[Start of Attachment]
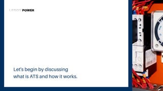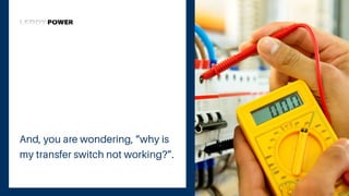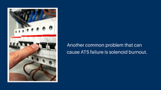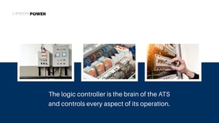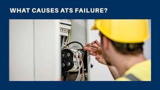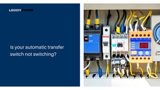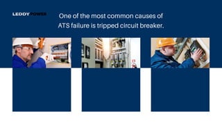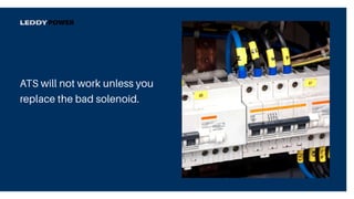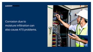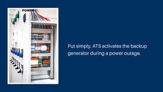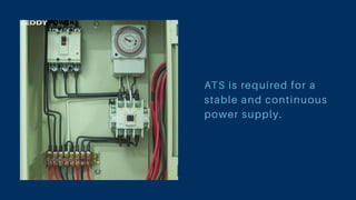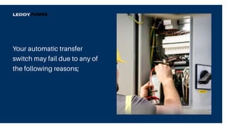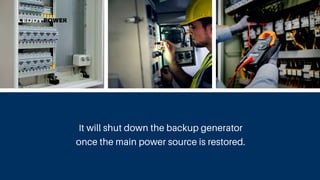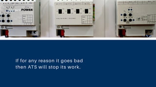 The document describes an automatic power switching apparatus that relies on a transfer logic controller and power source. It warns that the power backup system can fail if the transfer switch is damaged and suggests environmental protection to prevent such issues. It encourages testing the automatic transfer switch if problems arise, providing contact information for assistance.
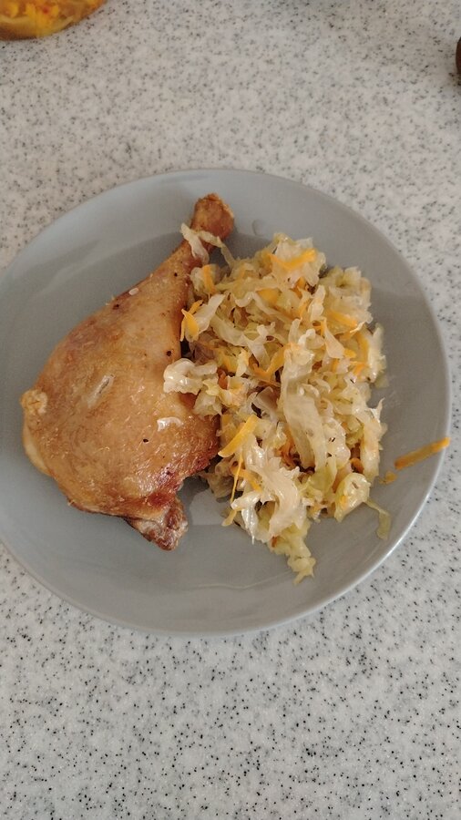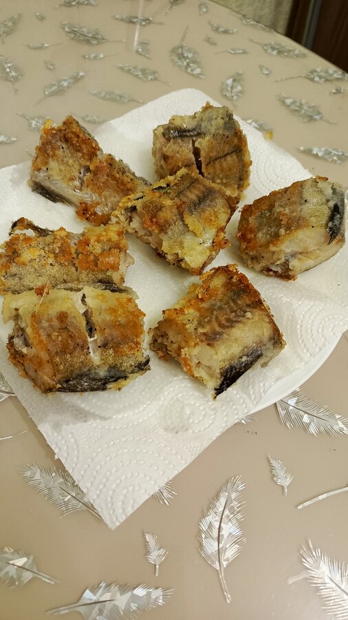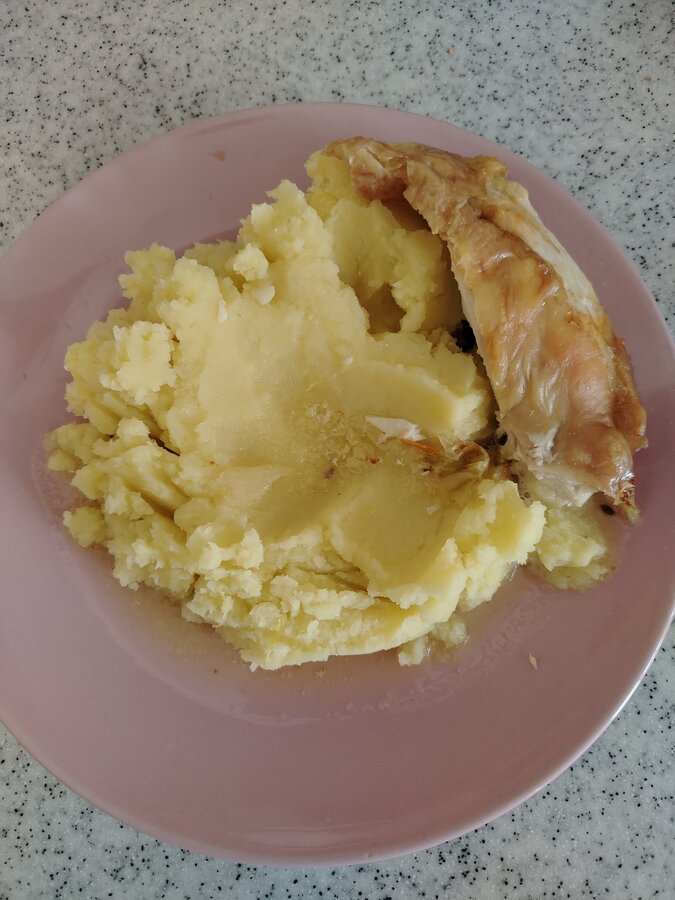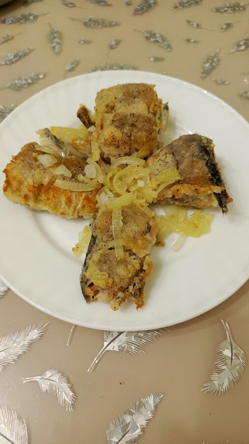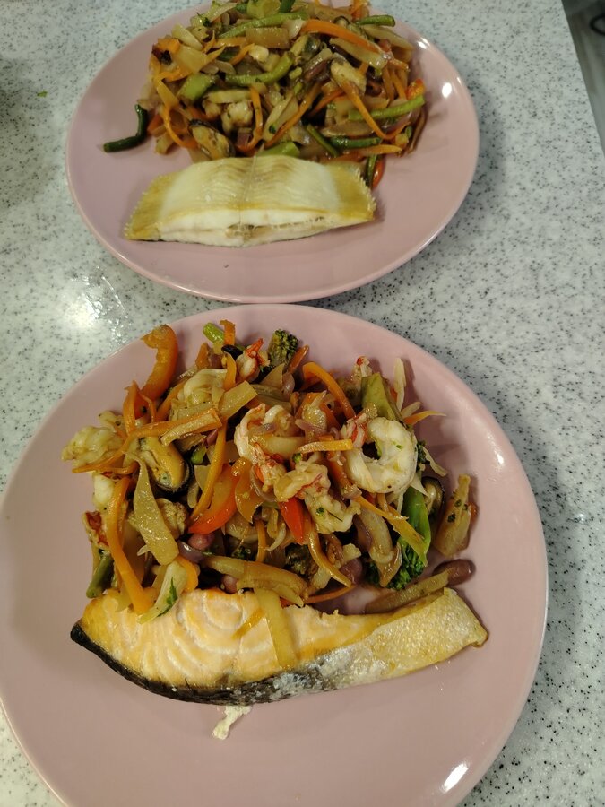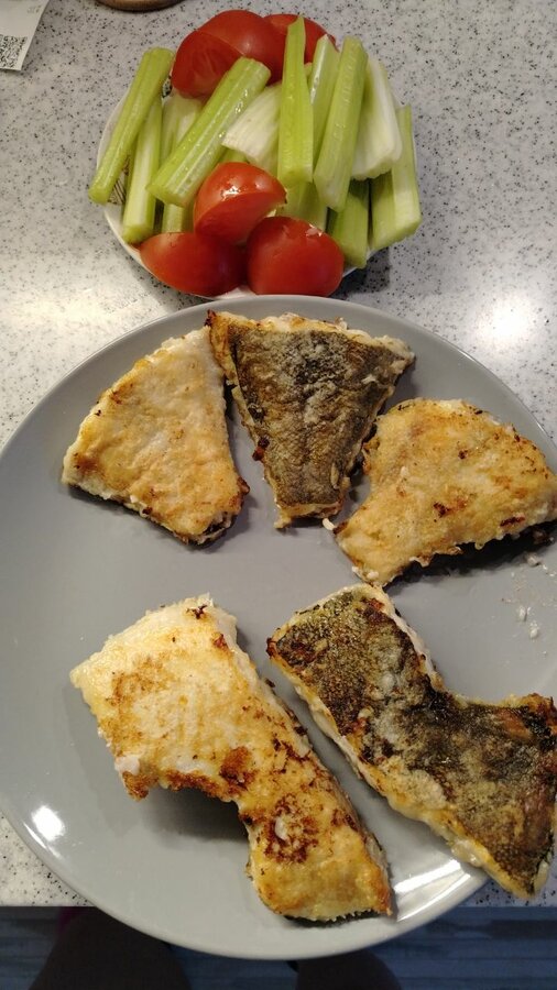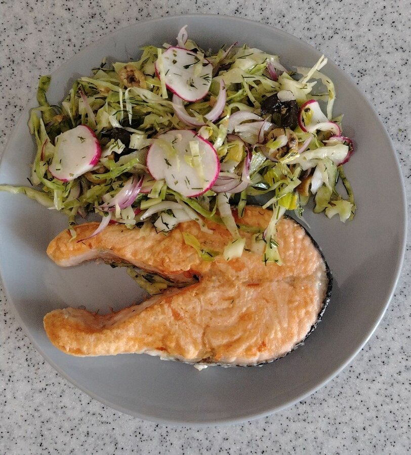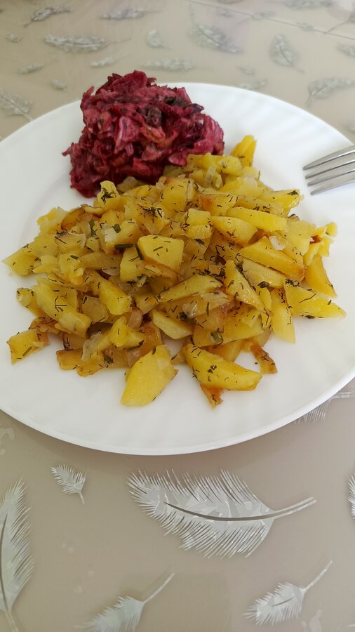 Жареная картошка с салатом ( свекла, чернослив, грецкий орех), жареный минтай, в последнюю порцию добавила лук.
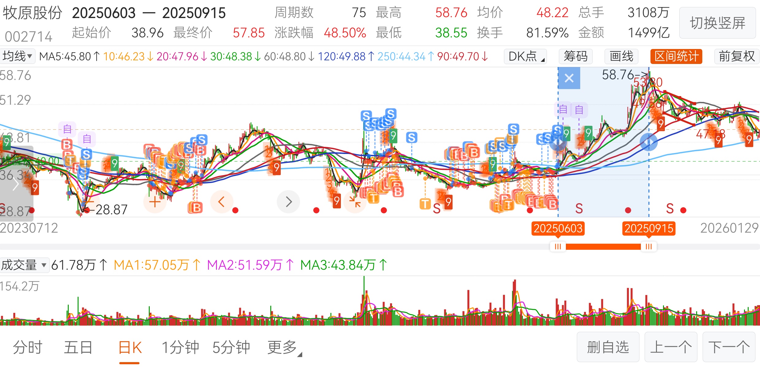 阔别半年,从山那头,来到山这头。当初说等回踩年线再接回的,结果一去不回头。现在是回踩年线了,想套我吗?我比那时有钱,股市里没亏,存款还增加了。$牧原股份(SZ002714)$
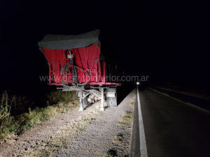 El único indicio de lo ocurrido es el semirremolque (batea) que se encuentra estacionado sobre la banquina en el lugar mencionado en el inicio y algunas huellas que se observan a simple vista.
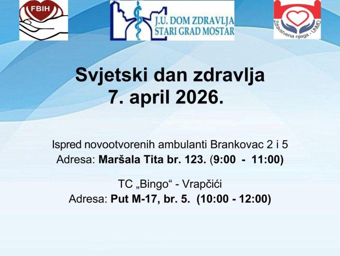 Dom zdravlja Stari grad Mostar zajedno sa studentima Studija Zdravstvena njega Univerziteta “Džemal Bijedić” i Udruženjem med.sestara tehničara FBiH, povodom 7. aprila Svjetskog dana zdravlja, sutra na dvije lokacije organizuje zdravstvenu akciju pod motom “Jedan dolazak može promijeniti sve”.
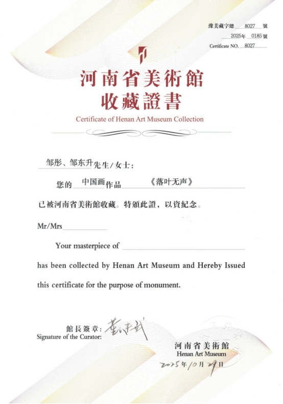 近日,在“纪念中国人民抗日战争胜利暨世界反法西斯战争胜利80周年——河南省美术书法摄影作品展览”中,球王会经理、市美协主席邹东升与青年教师邹彤合作创作的中国画作品《落叶无声》,凭借其鲜明的红色主题与精深的艺术功力,被河南省美术馆正式收藏。
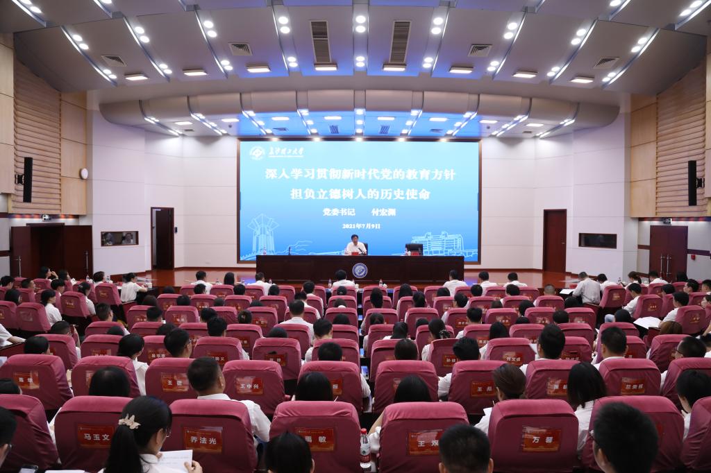 为全面贯彻落实新时代党的教育方针,落实立德树人根本任务,进一步增强认识、提高站位,7月9日上午,校党委书记付宏渊为全体学工系统干部作《深入学习贯彻新时代党的教育方针,担负立德树人的历史使命》主题报告。党政办公室、党委组织部、政策研究与督查室等职能部门负责人和全体学工干部参加。报告会由副校长钱国平主持。
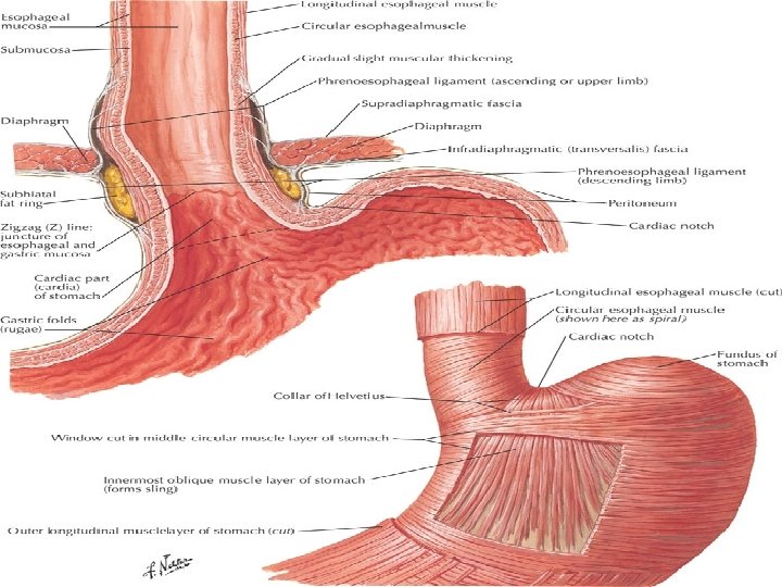 esophagus Anatomy: n n The esophagus is 25 cm. Long it starts at the level of the cricoid cartilage and end at the cardia. 2 cm of the esophagus lies below the diaphragm The esophagus has 2 sphincters upper (pharngeoesophageal sphincter) formed of striated muscle and lower sphincter formed of smooth muscle. The esophagus has 3 normal areas of narrowing: 1 st at the level of cricoid cartilage 15 cm from the incisors. 2 nd at the level of aortic arch and left bronchus 25 cm from the incisors. 3 rd at the diaphragm 40 cm from the incisors.
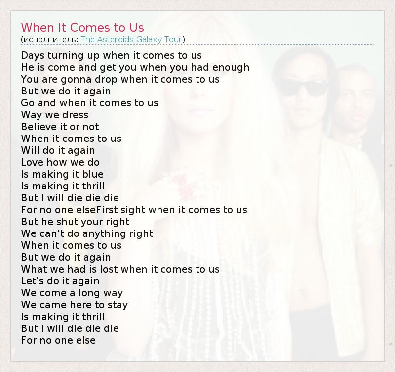 А как ты думаешь, о чем песня "When It Comes to Us" ?
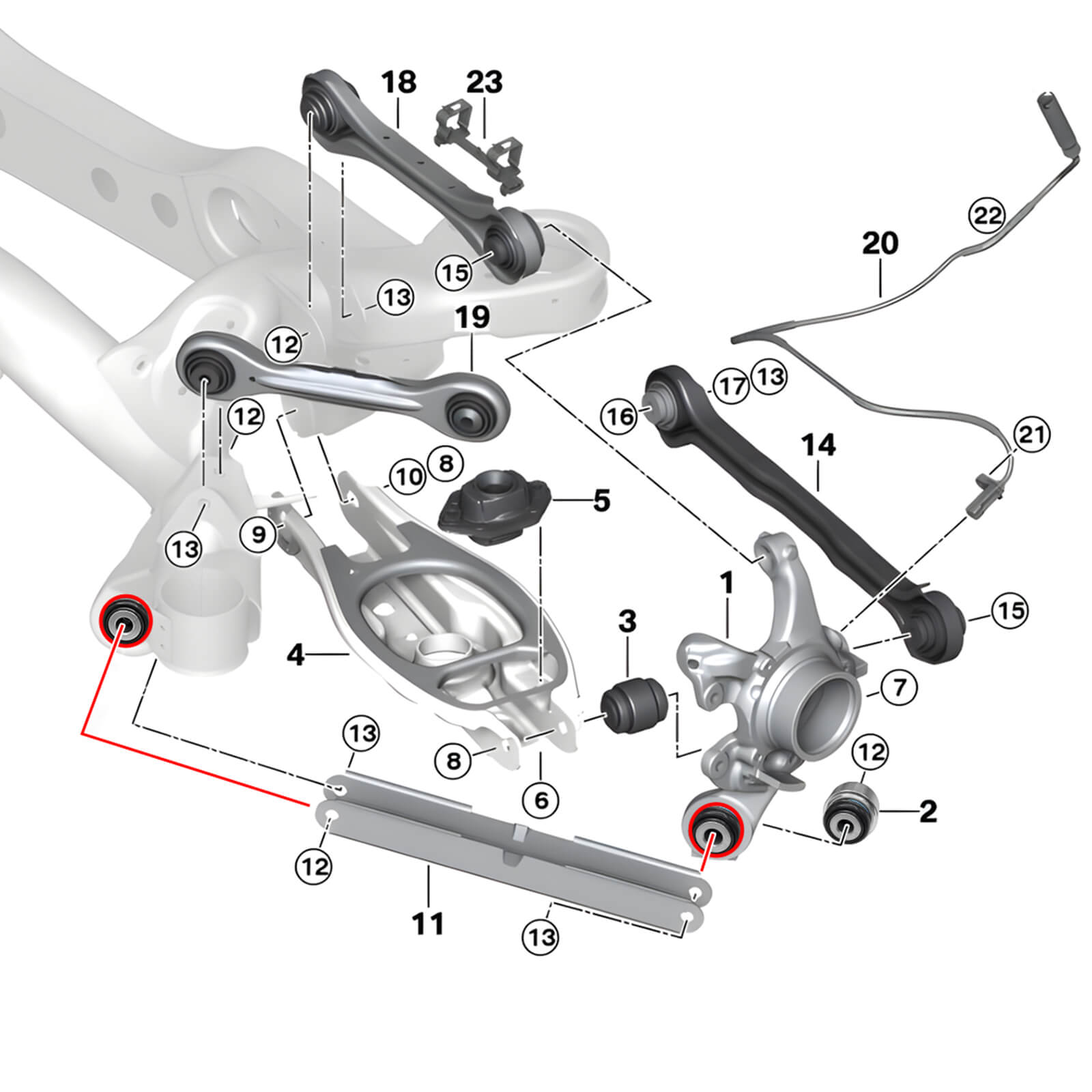 The BMW E9X rear suspension is very complex, with five links on each side. One of them, the trailing arm, connects the subframe to the main axle via rubber bushings.
[End of Attachment]
» **What to produce**
Although the records above contain pictures, the copy must not; set down exactly the lines from the one with "Dom zdravlja Stari" up to and including the one with "А как ты думаешь, о".

» **Final answer**
 Dom zdravlja Stari grad Mostar zajedno sa studentima Studija Zdravstvena njega Univerziteta “Džemal Bijedić” i Udruženjem med.sestara tehničara FBiH, povodom 7. aprila Svjetskog dana zdravlja, sutra na dvije lokacije organizuje zdravstvenu akciju pod motom “Jedan dolazak može promijeniti sve”.
 近日,在“纪念中国人民抗日战争胜利暨世界反法西斯战争胜利80周年——河南省美术书法摄影作品展览”中,球王会经理、市美协主席邹东升与青年教师邹彤合作创作的中国画作品《落叶无声》,凭借其鲜明的红色主题与精深的艺术功力,被河南省美术馆正式收藏。
 为全面贯彻落实新时代党的教育方针,落实立德树人根本任务,进一步增强认识、提高站位,7月9日上午,校党委书记付宏渊为全体学工系统干部作《深入学习贯彻新时代党的教育方针,担负立德树人的历史使命》主题报告。党政办公室、党委组织部、政策研究与督查室等职能部门负责人和全体学工干部参加。报告会由副校长钱国平主持。
 esophagus Anatomy: n n The esophagus is 25 cm. Long it starts at the level of the cricoid cartilage and end at the cardia. 2 cm of the esophagus lies below the diaphragm The esophagus has 2 sphincters upper (pharngeoesophageal sphincter) formed of striated muscle and lower sphincter formed of smooth muscle. The esophagus has 3 normal areas of narrowing: 1 st at the level of cricoid cartilage 15 cm from the incisors. 2 nd at the level of aortic arch and left bronchus 25 cm from the incisors. 3 rd at the diaphragm 40 cm from the incisors.
 А как ты думаешь, о чем песня "When It Comes to Us" ?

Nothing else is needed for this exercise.